The intention of voting classifier algorithm is to merge concept based multiple machine learning techniques and the it applies a highest weighted vote or average of predicted probabilities referred as a soft vote to predict the dataset class labels. Voting classifier is very beneficial for group of equivalent performing models to stabilize each individual weaknesses mentioned in algorithm [29].

Algorithm – 1) Training of voting records on various multiple machine learning classifiers like random forest decision tree and gradient boosting Classifiers [30].

2) Based on classification samples count the majority vote.

3) Majority vote is used to control over-fitting and improve the predictive accuracy.

To stabilize the distribution of class labels special technique is applied over sampling technique called SMOTE - Synthetic Minority Oversampling Technique on imbalanced dataset. The best method for over sampling is Synthetic over sampling, in which new synthetic samples are generated [31, 32].

6. Result Analysis

6.1 Best feature selection

Feature Selection is the technique where we select best features from our dataset. Irrelevant can make model learn based on non-relevant features and also reduce the accuracy of the models. There are various methods for feature selection we use Feature Importance method which gives score of each feature where the feature having highest score is more important towards our predicted variable. Here in Figure 2 (below) ApplicantIncome, LoanAmount, CoapplicantIncome, CreditHistory and Loan_Amount_Term are more important towards Loan_Status that is output variable. The features here explain about the occurrence of the attribute using feature importance method the features are selected based on the value of occurrence here, attribute having feature value 0.050 and above are considered for the dataset. This is useful technique to remove the non-relevant attribute which further enhance the accuracy of the model.

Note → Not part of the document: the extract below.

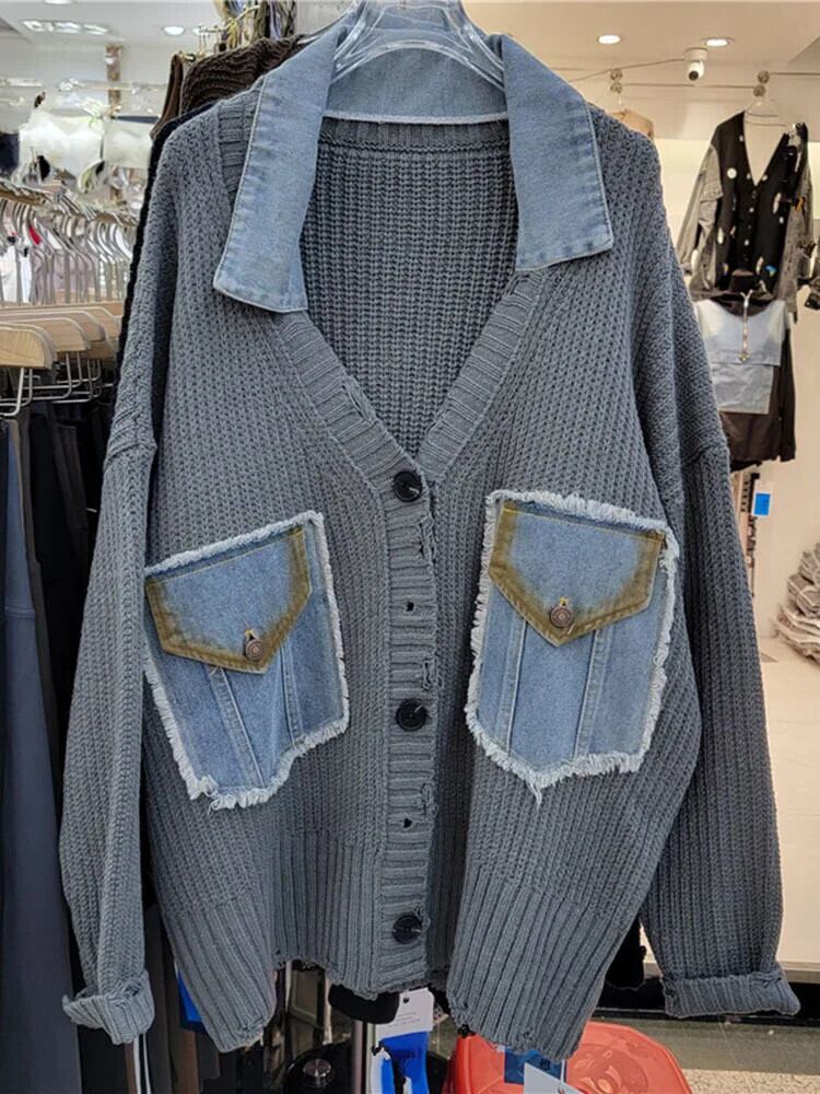 [EWQ] コントラストカラースプライスデニムニットカーディガンセータージャケットコートビッグサイズ上着秋冬 U5829 オータム 秋物 ウィンター 冬物

Figure 2. Feature importance method

6.2 Confusion matrix

Confusion Matrix is an error matrix which shows the performance of classification model. Correct and incorrect predictions are summarized by using confusion matrix with their count.

Figure 3. Confusion Matrix for y_Test and X_Pred Values

The precision is the proportion of correctly classified true positive value (TP) to the ratio of sum of true positive value (TP) and false positive value (FP) as mentioned in Figure 3 and Table 1. For No (Bad) class it gives precision as 0.64 and for Yes (good) class it gives precision as 0.83 for decision tree algorithm. Similarly for gradient boosting and ensemble learner for No (Bad) class it gives precision as 0.69 and for Yes (good) class it gives precision as 0.79. The result is shown in Figure 4 mentioned below.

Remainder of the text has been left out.